Task objective — From the line containing "Cloisonné Vintage Christmas" down to the line containing "বাঙালির এই স্বপ্নযাত্রার", copy out the entries below exactly, both lines included, and nothing else; pictures do not belong in the copy.

Data excerpts —
____

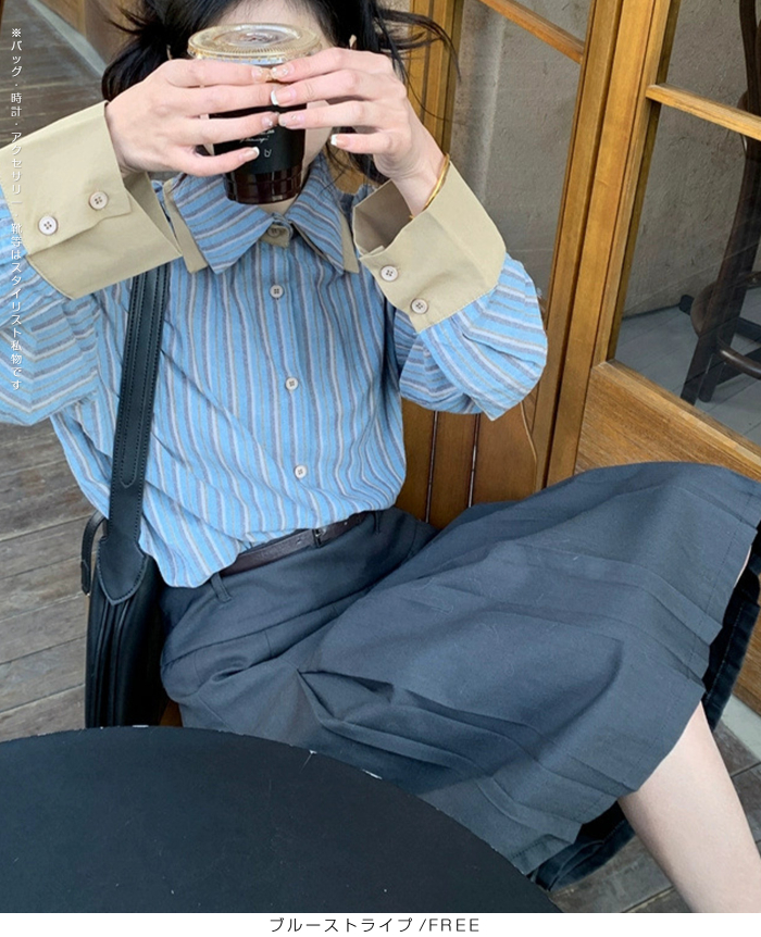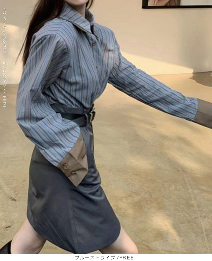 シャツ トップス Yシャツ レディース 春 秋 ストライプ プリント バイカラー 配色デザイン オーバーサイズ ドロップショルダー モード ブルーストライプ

____

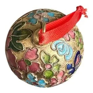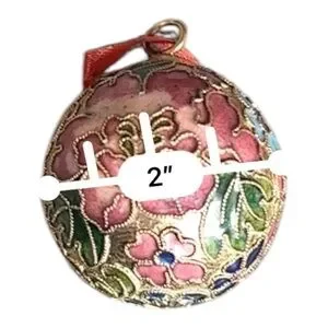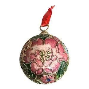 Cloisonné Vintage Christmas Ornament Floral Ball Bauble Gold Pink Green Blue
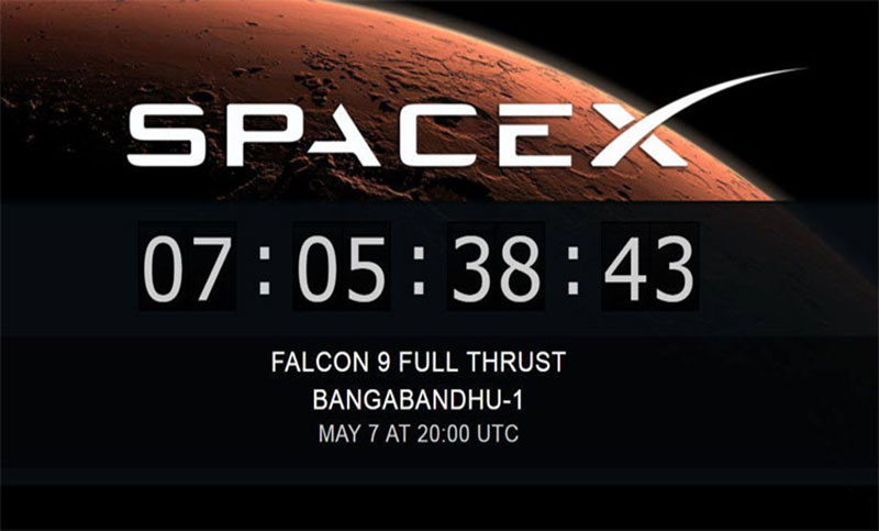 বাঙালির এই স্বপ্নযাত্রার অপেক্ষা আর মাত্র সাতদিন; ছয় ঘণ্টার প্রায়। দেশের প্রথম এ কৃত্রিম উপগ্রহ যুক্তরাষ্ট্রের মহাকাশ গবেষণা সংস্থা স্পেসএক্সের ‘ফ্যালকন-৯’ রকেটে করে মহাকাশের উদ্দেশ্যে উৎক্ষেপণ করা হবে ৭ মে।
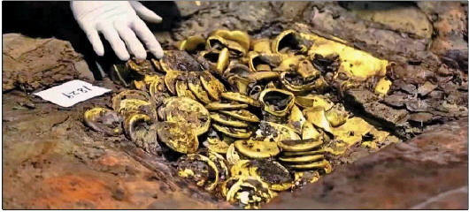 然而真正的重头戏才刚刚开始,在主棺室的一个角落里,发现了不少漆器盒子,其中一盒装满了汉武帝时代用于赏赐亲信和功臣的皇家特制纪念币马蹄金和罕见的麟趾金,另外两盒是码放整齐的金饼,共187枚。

____

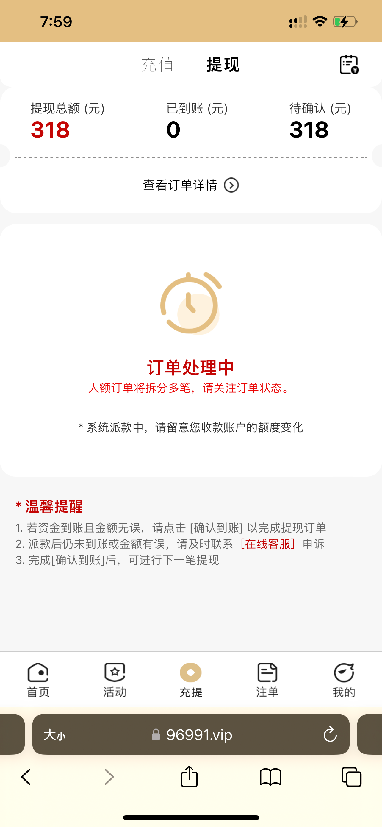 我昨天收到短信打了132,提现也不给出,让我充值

____

Output of the exercise —
 Cloisonné Vintage Christmas Ornament Floral Ball Bauble Gold Pink Green Blue
 বাঙালির এই স্বপ্নযাত্রার অপেক্ষা আর মাত্র সাতদিন; ছয় ঘণ্টার প্রায়। দেশের প্রথম এ কৃত্রিম উপগ্রহ যুক্তরাষ্ট্রের মহাকাশ গবেষণা সংস্থা স্পেসএক্সের ‘ফ্যালকন-৯’ রকেটে করে মহাকাশের উদ্দেশ্যে উৎক্ষেপণ করা হবে ৭ মে।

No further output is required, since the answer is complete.